Despite the list's many far-fetched and simply inaccurate similarities, new versions continue to resurface on social media decades later.

"Have a history teacher explain this if they can," a version of the list posted to Facebook begins. The post suggests a series of similarities are explainable and allude to some sort of mystery. In reality, the list is grasping at truth, at best.

In this Jan. 2, 1960, file photo, Sen. John F. Kennedy, D-Mass., formally announces at a news conference in Washington that he is a candidate for the Democratic presidential nomination.
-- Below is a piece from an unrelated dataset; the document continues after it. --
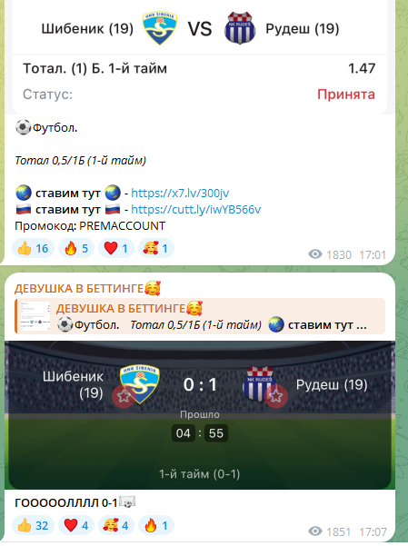 - тг-канал выкладывает бесплатные прогнозы без сильного анализа, лента заполонена ставками на тотал больше по низким кф;

A handwritten draft Kennedy's announcement speech is among hundreds of items associated with the late president to be auctioned in January 2020, by the Boston-based RR Auction.
In this Jan. 2, 1960, file photo, Sen. John F. Kennedy, D-Mass., formally announces at a news conference in Washington that he is a candidate for the Democratic presidential nomination. A handwritten draft Kennedy's announcement speech is among hundreds of items associated with the late president to be auctioned in January 2020, by the Boston-based RR Auction.

The list's history

In August 1964, less than a year after Kennedy's assassination, Time magazine called the list a "compendium of curious coincidences.” Time reported the list had appeared a week earlier in the GOP Congressional Committee Newsletter to more than 15,000 readers.

Known as the "Lincoln and Kennedy Coincidences" to some and "Lincoln Kennedy Connection" to others, physical and digital versions of it have circulated ever since, including one post to Facebook on May 21.

The long-lived conspiracy has even earned itself a Wikipedia page. In 1966, musician Buddy Starcher released a popular song about the list called "History Repeats Itself."

Ford's Theater used the list to create an educational quiz that challenges students to rate each claim true or false.

Some have controversially used the list as evidence to support arguments for reincarnation.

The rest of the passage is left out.